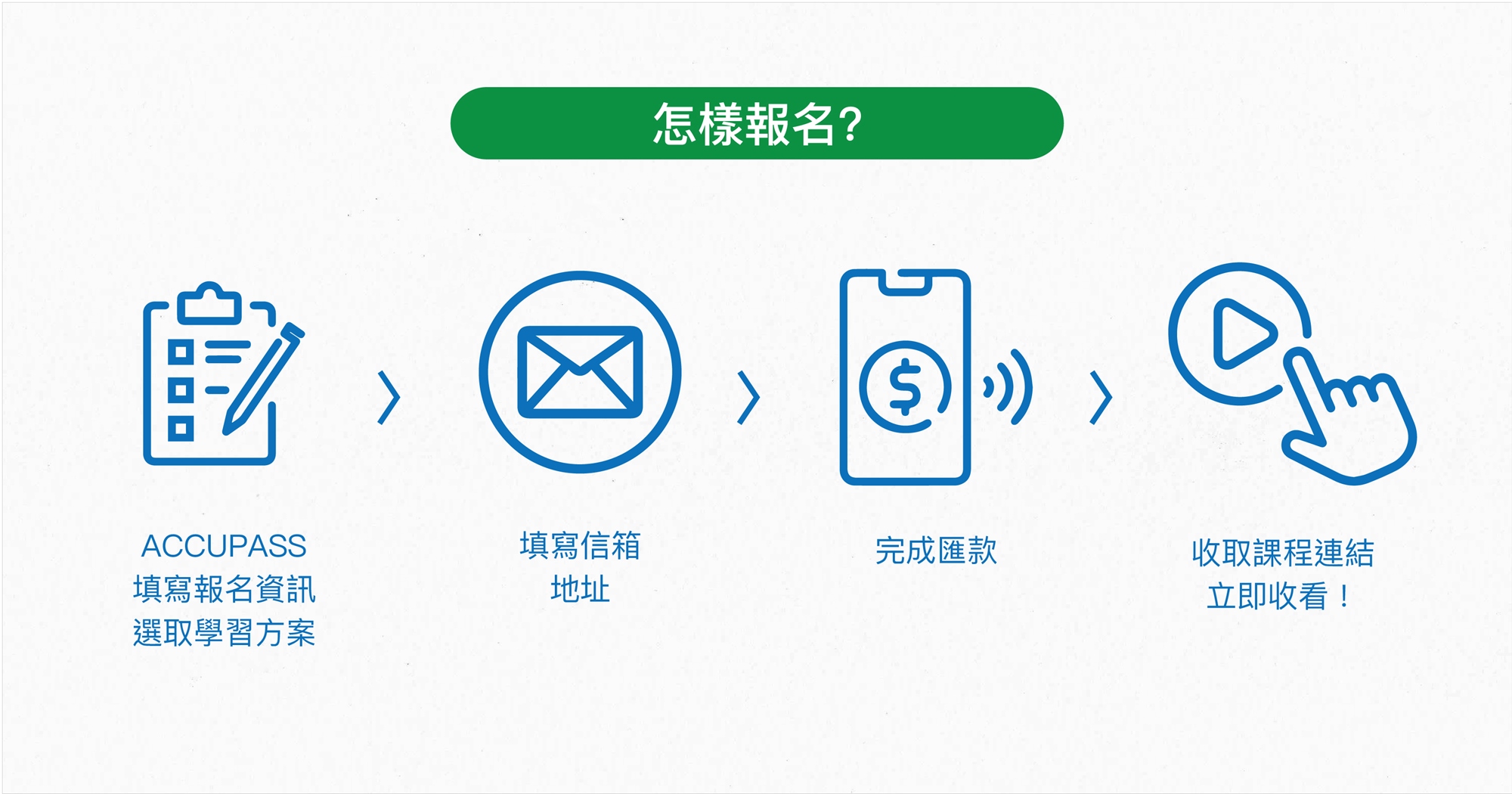 購課後會先由ACCUPASS寄送信件,另外會由書院另外於三日內發送課程兌換通知郵件,引導您如何進行課程觀看。請以書院寄送信件內容之代碼為主,課程若三日內未收到郵件通知,請聯繫我們。
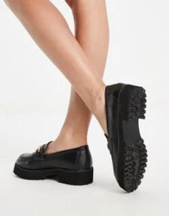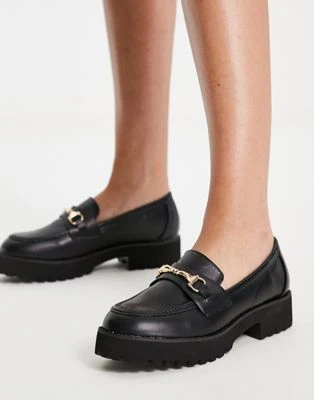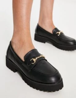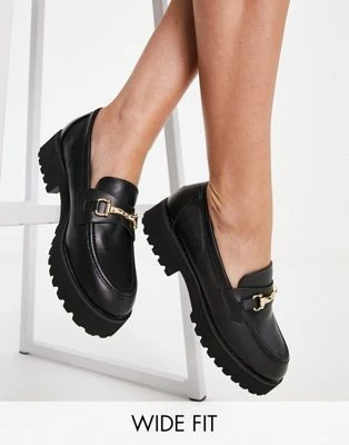 RAID Wide Fit – Empire – Mocassini Neri Con Suola Spessa E Finiture Oro
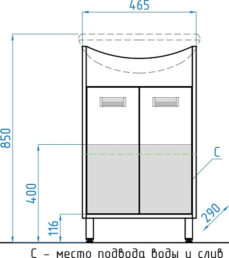 В комплекте: тумба, раковина, ножка (4 шт.).
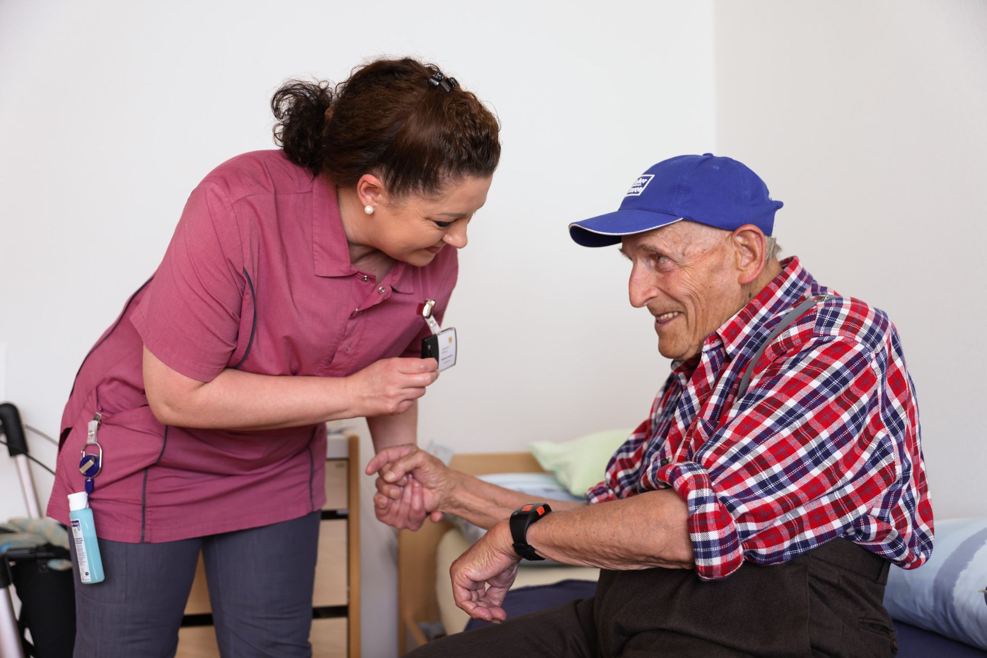 Asukkaamme aiheuttaa asukashälytyksen, mutta myös sängystä poistumisen hälytyksen kosketusmatolla tai toisella anturilla, kuten Qumea. Kun hoitohenkilökunta saapuu, heidän tarvitsee vain peruuttaa henkilökohtaisella tunnisteellaan asukkaan pääbadgen. Tällä tavoin kaikki hälytykset peruutetaan suoraan. Huomaa, että hän voi edelleen peruuttaa anturin yksilöllisesti tarvittaessa (esim. kosketusmatto, liiketunnistin jne.).
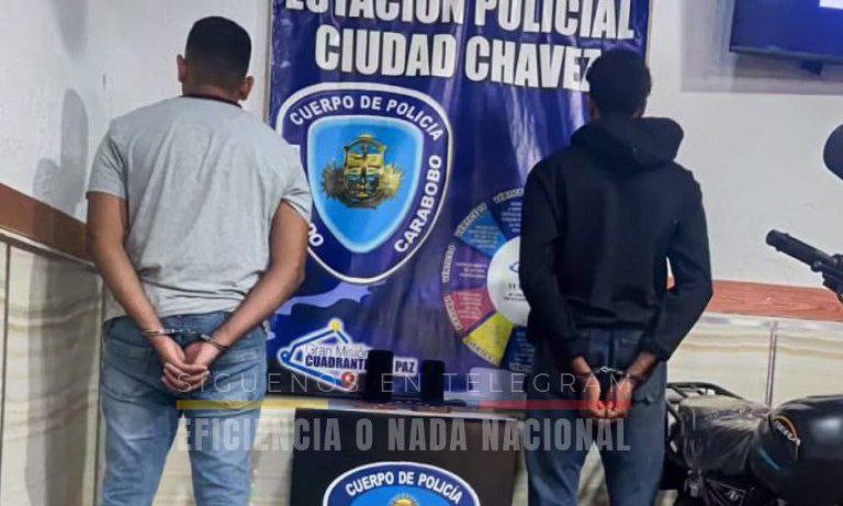 Dos hombres que se desplazaban en una motocicleta fueron detenidos en La Isabelica, parroquia Rafael Urdaneta, municipio Valencia, estado Carabobo, acusados de “incitación al odio, traición a la patria y promoción del ataque militar de Estados Unidos contra Venezuela”.
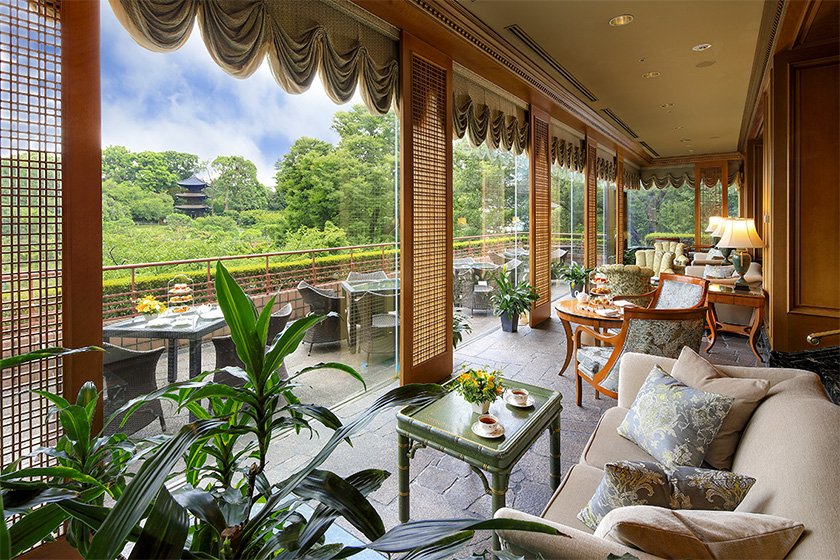 都内ホテルで最初にアフタヌーンティーを提供したといわれる、緑豊かなロビーラウンジ。
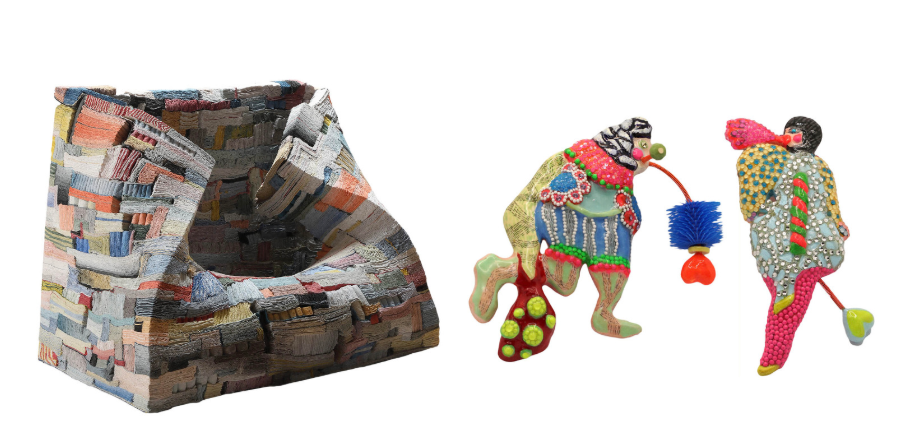 | ▲ (좌) 박종진, 〈착시의 층위〉, 2025, 도자기, 종이, 스테인, 유약, 750 × 450 × 560 mm / (우) 성코코, 〈그림자 꼭두〉, 2025, 점토, 래커, 컬러 철사, 비즈, 스와로브스키 스톤, 가변 크기 ©로에베 재단 |
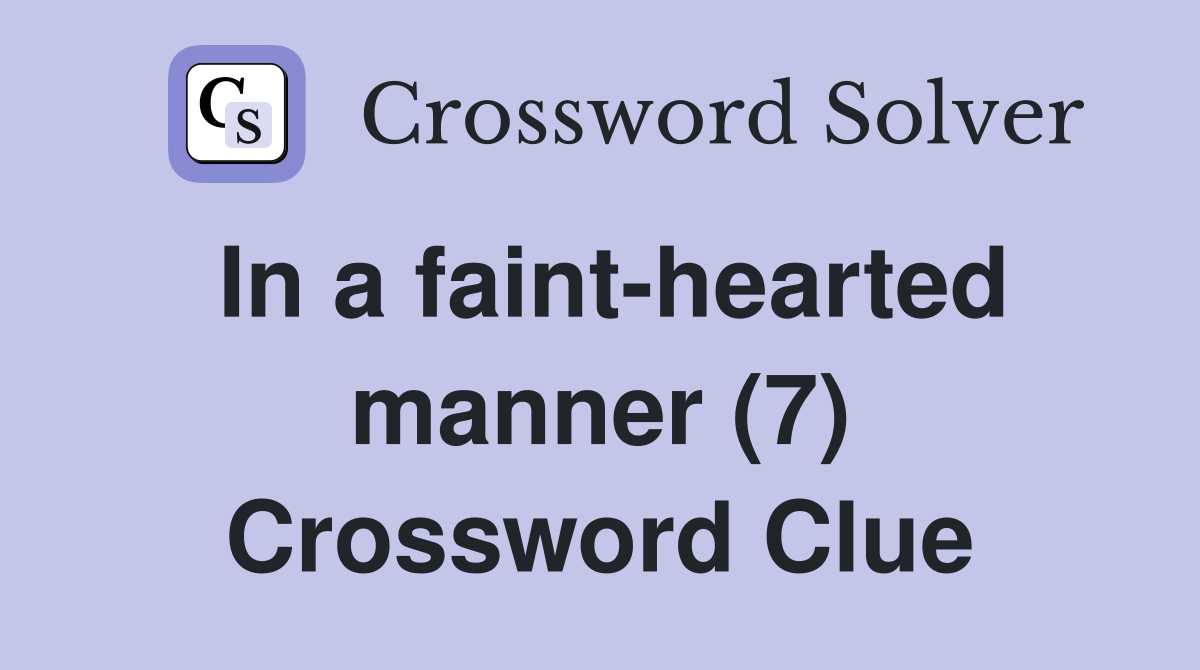 In a faint hearted manner (7) Crossword Clue Answers Crossword Solver
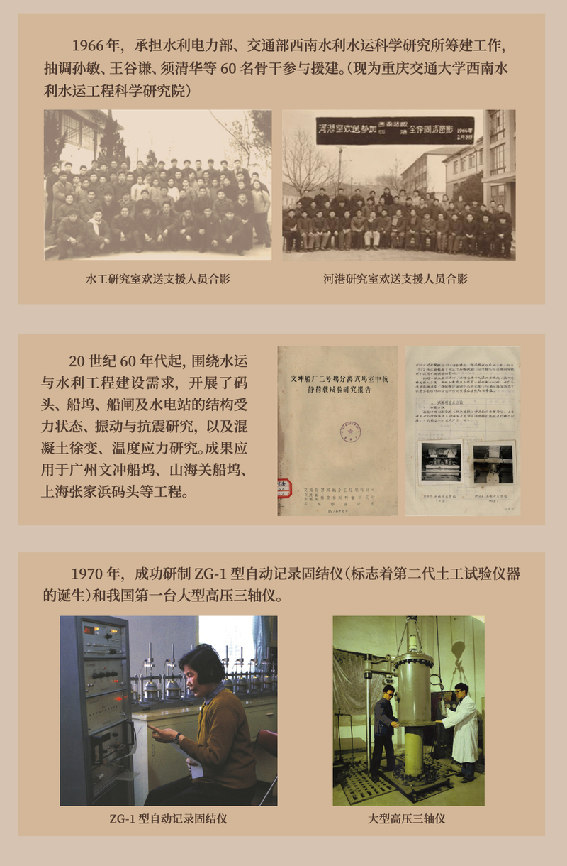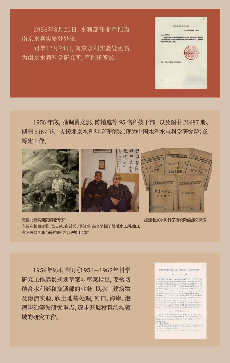 新中国成立后,南京水利实验处(南京水利科学研究所)开办多期水文技术、水工试验、土工试验等培训班,为国家培养了数千名技术骨干;抽调大批人员参与创建西北水利科学研究所、国电南京自动化股份有限公司、中国水利水电科学研究院、浙江省水利河口研究院、西南水运工程科学研究所、天津水运工程科学研究院等科研机构,被誉为中国水利水运科技人才的摇篮。坚持理论结合实践,承担大量重大科研任务,有力支撑了国家基础设施建设,为我国水利、交通及能源科研体系的建立与发展奠定了坚实基础。
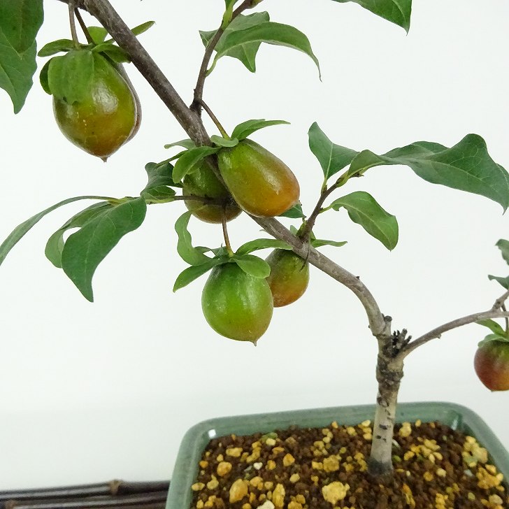 | ■植物ですので撮影時期や季節によって剪定などの手入れにより写真から変化がございます。撮影日をご確認のうえ、ご注文ください。 ■翌年の実付きをよくするために葉が落ちた後の11月末~12月にかけて摘果しています。お届けの商品にはロウヤガキの実がない場合がございます。 ■老爺柿の種類は沢山あり、品種の記載がない商品は仕入れの時点で確認ができておりませんので、その旨ご了承のほどお願いいたします。 【老爺柿盆栽】 開花時期は4~5月頃に花を咲かせます。雌雄異株で、実を成らすためには雌木と雄木が必要になります。小さな実が成る渋柿で、実が枝にぶら下がって成る特徴があります。老爺柿は沢山の品種があり、実の形状や色も様々で、丸い形から細長くとがったもの、大きさも大小があり、色合いも赤みを帯びた橙色から黄色、朱赤など豊富にあります。 |
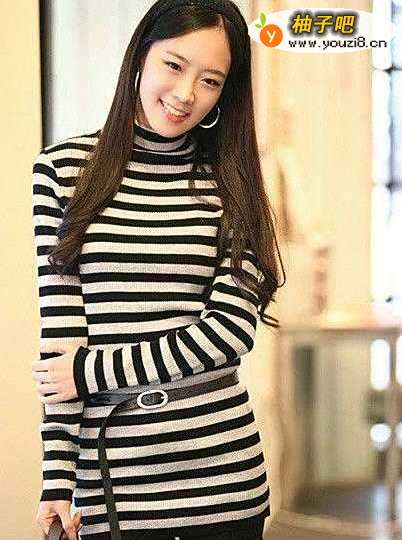 2高领条纹修身毛衣高领条纹修身毛衣,很美的一件哦,超甜美可爱的,腰带给整件YY提高了很多,非常美的一件哦。
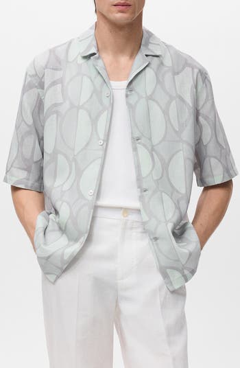 MANGO Geo Print Camp Shirt, Main, color, Sky Blue
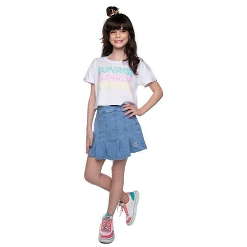 Conjunto croped meia manga sunrise, saia jeans com pregas Have Fun
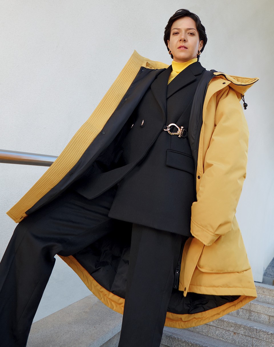 На создание российского монобренда зимней одежды Чилингарову вдохновил папа Артур — великий исследователь Арктики, с которым Ксения однажды отправилась в экспедицию. «Хотела понять, что он такого нашел на Севере: там же ни моря нормального, ни кафе», — смеется она. На полярной станции ей выдали именную куртку, на Большой земле экипировкой восхитился друг, а теперь и партнер Анатолий Цоир. Дальше была поездка на фабрику, где с советских времен шьют куртки для полярников: «Там работают люди, которые верят, что если ты что-то сделал не по ГОСТу, то человек может погибнуть». В Arctic Explorer проверенные временем технологии совмещают с новейшими, подкладок делают две, чтобы не лез пух, и мечтают научиться использовать корейскую ткань из переработанного пластика. «Если за брендом стоит крутая идея — все сложится, потому что именно идеи двигают прогресс». Идея Ксении проста и эффективна: «Бороться и искать, найти и не сдаваться».
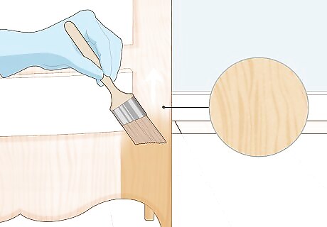 Paint the furniture in a light, even coat in the direction of the grain. The grain will be clearly visible, especially because you haven’t sanded your furniture. Dip the paintbrush in the bucket of paint and rub off any excess paint. Then paint lightly in the direction of the wood grain. Start at the bottom of the piece of furniture and work upwards. Place your paintbrush on the unpainted wood and move it towards the part you have already painted, until the paint overlaps, instead of placing your brush on the wet paint and working outward. This will avoid leaving brushstrokes.
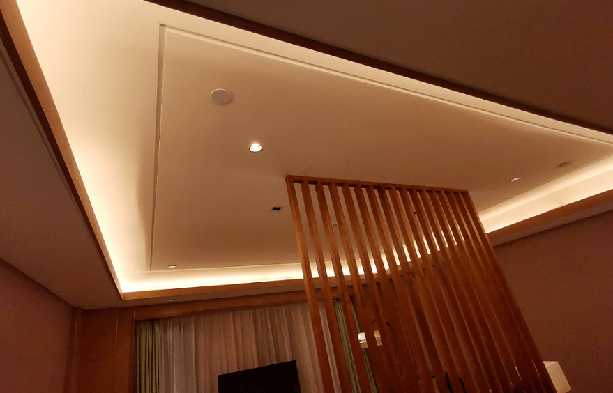 应用效果:本工程客房和酒店公共区域采用了装配式免木天花轻钢龙骨结构施工工法,天花暗光源灯槽、叠级造型创造了丰富的视觉效果,结构稳定不变形,工程竣工后,酒店运营阶段未发现质量维修问题。
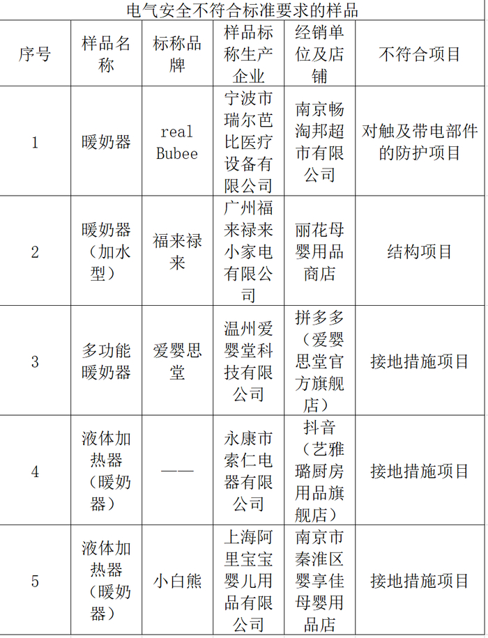 儿童节即将到来,5月29日,江苏省消保委发布《暖奶器产品比较试验分析报告》。此次采样涉及抖音、拼多多、网易严选、京东、苏宁易购、天猫、孩子王、得物8个电商平台和6家实体店。36批次样品中,检出问题的共9批次,占比25%。不符合相关标准的问题主要分为两个方面:电气安全、使用性能。

━━━━

ASSIGNMENT:
Exclude the pictures, then write out every record exactly as it stands.

EXPECTED ANSWER:
 購課後會先由ACCUPASS寄送信件,另外會由書院另外於三日內發送課程兌換通知郵件,引導您如何進行課程觀看。請以書院寄送信件內容之代碼為主,課程若三日內未收到郵件通知,請聯繫我們。
 RAID Wide Fit – Empire – Mocassini Neri Con Suola Spessa E Finiture Oro
 В комплекте: тумба, раковина, ножка (4 шт.).
 Asukkaamme aiheuttaa asukashälytyksen, mutta myös sängystä poistumisen hälytyksen kosketusmatolla tai toisella anturilla, kuten Qumea. Kun hoitohenkilökunta saapuu, heidän tarvitsee vain peruuttaa henkilökohtaisella tunnisteellaan asukkaan pääbadgen. Tällä tavoin kaikki hälytykset peruutetaan suoraan. Huomaa, että hän voi edelleen peruuttaa anturin yksilöllisesti tarvittaessa (esim. kosketusmatto, liiketunnistin jne.).
 Dos hombres que se desplazaban en una motocicleta fueron detenidos en La Isabelica, parroquia Rafael Urdaneta, municipio Valencia, estado Carabobo, acusados de “incitación al odio, traición a la patria y promoción del ataque militar de Estados Unidos contra Venezuela”.
 都内ホテルで最初にアフタヌーンティーを提供したといわれる、緑豊かなロビーラウンジ。
 | ▲ (좌) 박종진, 〈착시의 층위〉, 2025, 도자기, 종이, 스테인, 유약, 750 × 450 × 560 mm / (우) 성코코, 〈그림자 꼭두〉, 2025, 점토, 래커, 컬러 철사, 비즈, 스와로브스키 스톤, 가변 크기 ©로에베 재단 |
 In a faint hearted manner (7) Crossword Clue Answers Crossword Solver
 新中国成立后,南京水利实验处(南京水利科学研究所)开办多期水文技术、水工试验、土工试验等培训班,为国家培养了数千名技术骨干;抽调大批人员参与创建西北水利科学研究所、国电南京自动化股份有限公司、中国水利水电科学研究院、浙江省水利河口研究院、西南水运工程科学研究所、天津水运工程科学研究院等科研机构,被誉为中国水利水运科技人才的摇篮。坚持理论结合实践,承担大量重大科研任务,有力支撑了国家基础设施建设,为我国水利、交通及能源科研体系的建立与发展奠定了坚实基础。
 | ■植物ですので撮影時期や季節によって剪定などの手入れにより写真から変化がございます。撮影日をご確認のうえ、ご注文ください。 ■翌年の実付きをよくするために葉が落ちた後の11月末~12月にかけて摘果しています。お届けの商品にはロウヤガキの実がない場合がございます。 ■老爺柿の種類は沢山あり、品種の記載がない商品は仕入れの時点で確認ができておりませんので、その旨ご了承のほどお願いいたします。 【老爺柿盆栽】 開花時期は4~5月頃に花を咲かせます。雌雄異株で、実を成らすためには雌木と雄木が必要になります。小さな実が成る渋柿で、実が枝にぶら下がって成る特徴があります。老爺柿は沢山の品種があり、実の形状や色も様々で、丸い形から細長くとがったもの、大きさも大小があり、色合いも赤みを帯びた橙色から黄色、朱赤など豊富にあります。 |
 2高领条纹修身毛衣高领条纹修身毛衣,很美的一件哦,超甜美可爱的,腰带给整件YY提高了很多,非常美的一件哦。
 MANGO Geo Print Camp Shirt, Main, color, Sky Blue
 Conjunto croped meia manga sunrise, saia jeans com pregas Have Fun
 На создание российского монобренда зимней одежды Чилингарову вдохновил папа Артур — великий исследователь Арктики, с которым Ксения однажды отправилась в экспедицию. «Хотела понять, что он такого нашел на Севере: там же ни моря нормального, ни кафе», — смеется она. На полярной станции ей выдали именную куртку, на Большой земле экипировкой восхитился друг, а теперь и партнер Анатолий Цоир. Дальше была поездка на фабрику, где с советских времен шьют куртки для полярников: «Там работают люди, которые верят, что если ты что-то сделал не по ГОСТу, то человек может погибнуть». В Arctic Explorer проверенные временем технологии совмещают с новейшими, подкладок делают две, чтобы не лез пух, и мечтают научиться использовать корейскую ткань из переработанного пластика. «Если за брендом стоит крутая идея — все сложится, потому что именно идеи двигают прогресс». Идея Ксении проста и эффективна: «Бороться и искать, найти и не сдаваться».
 Paint the furniture in a light, even coat in the direction of the grain. The grain will be clearly visible, especially because you haven’t sanded your furniture. Dip the paintbrush in the bucket of paint and rub off any excess paint. Then paint lightly in the direction of the wood grain. Start at the bottom of the piece of furniture and work upwards. Place your paintbrush on the unpainted wood and move it towards the part you have already painted, until the paint overlaps, instead of placing your brush on the wet paint and working outward. This will avoid leaving brushstrokes.
 应用效果:本工程客房和酒店公共区域采用了装配式免木天花轻钢龙骨结构施工工法,天花暗光源灯槽、叠级造型创造了丰富的视觉效果,结构稳定不变形,工程竣工后,酒店运营阶段未发现质量维修问题。
 儿童节即将到来,5月29日,江苏省消保委发布《暖奶器产品比较试验分析报告》。此次采样涉及抖音、拼多多、网易严选、京东、苏宁易购、天猫、孩子王、得物8个电商平台和6家实体店。36批次样品中,检出问题的共9批次,占比25%。不符合相关标准的问题主要分为两个方面:电气安全、使用性能。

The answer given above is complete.